Your Arms

Outstretched into a warm, fetching wind that will define this winter.

Your arms,

Frustration and reaching,

One more time.

Your arms,

Grasping my lumbering, cold body

Shaking,

Pulled from a creek,

Thundering in flood.

.

Your arms,

Will soon hold me, bedridden and tired of the years,

Finally.

Your arms,

In April, as the sun’s hope returned

And I slipped easily into the familiar light,

Cast across us both in one last embrace.

Visiting

There, at the far end of the long, ramshackle yard,

Where grandpa’s garden starts,

And the apricot tree:

Pilfered Mockingbird delights,

For us, the watch from a circle of chairs

Some Sunday afternoon.

.

But that was before the rain,

And the wind, and shuttered windows,

Only to peek, to scratch its belly,

We knew when to stay in

And dash out,

Before the water came

Or in between.

.

Then we were graced with the long showery spring,

Great stories I was since told, in thunder and sun,

While I huddled in fear of night and flashing sounds,

In the time of peas,

And chicken manured spring gardens.

.

The San Joaquin would run high that spring

Into the summer

When the first zucchini bloomed,

And we rinsed the last of the mud from our socks.

Like it always was,

Back there, where the water still was.

New climates and old winter base flows

Gosh,

How the hydrology seeps back out of our bones,

Pouring across landscapes gone silent,

And waiting.

.

This is the way way it used to be,

Like some song playing in the corner juke,

When bars crowded early

And left well before closing.

.

This storm won’t give you resolution

Not yet,

Years will go by

Until the sun sets on a foggy bottom land

In the stalest of latest possible summers

When water is again a pastime,

As the next wind blows:

Turning heads, and raising the mutterings

Of those who still live out there.

Celebrating the 4th Rain

Like old days come to visit again,

Now the dampness will live here,

For a good long while, Defining

Hopefully

This place and this time.

Soon, the waves of hungry cold

Will take the leaves,

Peaches, pears, finally the apples.

Always the last apple.

.

Released, now

To a brief ease of playing in a fickle sun

Soon covered by the gauze of quick rains.

Rains that sneak through,

Leaving grand dripping choirs

And the late night sounds of wet soil.

.

The day opens to waters passing,

And the joy of new light.

A Gathering Gale

Overhead: the soaring sounds,
Calling.

Down here:
The edgy electricity
Jostles limbs,
Loosening blackened blooms
And thickened tassels
Of tiny pears to the back porch
Wind chime chatter.

Damn these winds!
To stir stale oceans,
Stomping seasons,
And lifting life anew
In their leaving.

Another Poem on a Windy Evening

The jostle of limbs,

Loosening more tiny pears,

To the erratic beat of restless wind chimes,

While overhead, the soaring sound persists.

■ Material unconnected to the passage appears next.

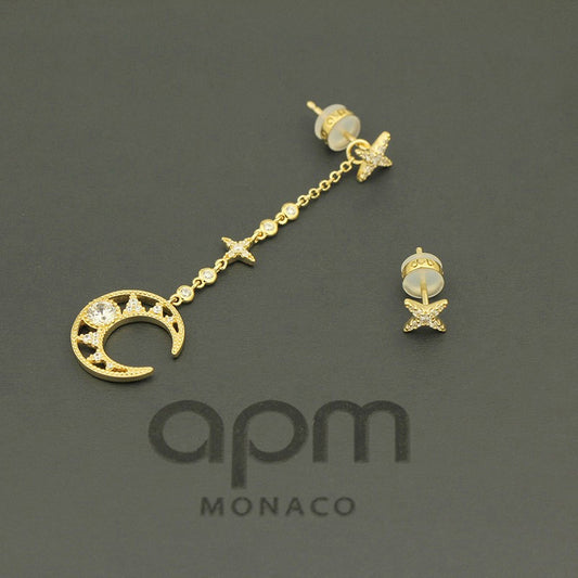 APM Asymmetric Star & Moon Yellow Silver Earrings AE12342OXY

Down here: an edgy electricity.

Damn those winds!

That stir oceans,

Recharge life,

And change seasons.

In one fell swoop.

Unwritten Notes

And those we wish we had written.

.

After 42 days, look for a change in the weather,

Subtle,

Maybe just the light, for a moment,

Or a shuttered day in clouds.

Regardless, someone’s head will turn,

Like catching a whiff of silence

Almost. Another curious pause,

In a rarely checked routine.

.

On that day, I should be drawn back in:

tempted by the familiar,

Sinking back into the reflection,

Or falling to the side,

In difference.

.

Just leave me some thread,

Or mark, to orient,

And resume. I’ll finish this poem,

And the others too.

Remind me!

When the wind turns,

And a quiet spell might linger.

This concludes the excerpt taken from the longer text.